→ **DATASET EXTRACT**
----------------------------------------

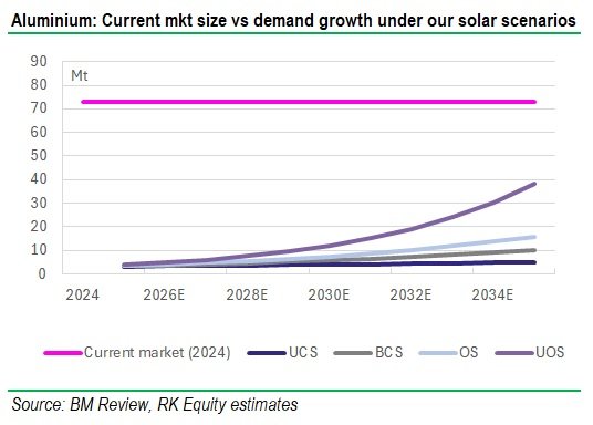 - Under my Base Case assumption, 2035E aluminium demand from solar would be 14% of the current market size.
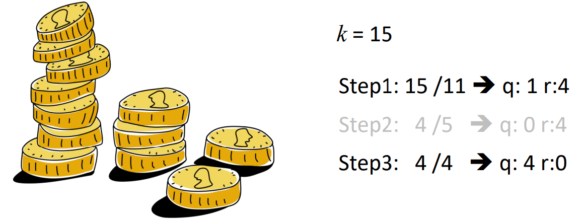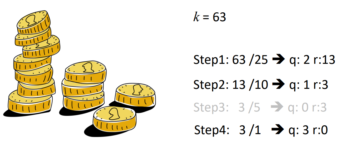 우리에게 k 코인이 있을 때, 최대한 적은 수의 코인으로 교환해 준다고 생각해 봅시다. [quarter(25c), dime(10c), nickel(5c), penny(1c)]
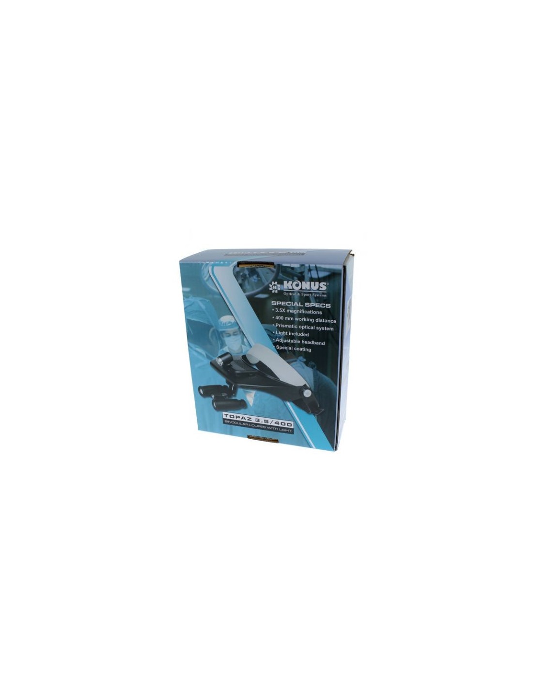 A lupa de cabeça Konus 3.5x com Topaz Primastic Lighting pode ser semente como um microscópio em forma de binóculos. Este ampliador de cabeça é perfeito para fins cirúrgicos e industriais. Por causa da distância de trabalho de 400mm e o campo de trabalho de 86mm, este microscópio binóculos é a solução perfeita para projetos que exigem corte preciso. O Topaz foi equipado com uma lâmpada de 1W

----------------------------------------

→ **TASK DIRECTIONS**
Output all of the data above exactly; no pictures should appear.

→ **THE ANSWER**
 - Under my Base Case assumption, 2035E aluminium demand from solar would be 14% of the current market size.
 우리에게 k 코인이 있을 때, 최대한 적은 수의 코인으로 교환해 준다고 생각해 봅시다. [quarter(25c), dime(10c), nickel(5c), penny(1c)]
 A lupa de cabeça Konus 3.5x com Topaz Primastic Lighting pode ser semente como um microscópio em forma de binóculos. Este ampliador de cabeça é perfeito para fins cirúrgicos e industriais. Por causa da distância de trabalho de 400mm e o campo de trabalho de 86mm, este microscópio binóculos é a solução perfeita para projetos que exigem corte preciso. O Topaz foi equipado com uma lâmpada de 1W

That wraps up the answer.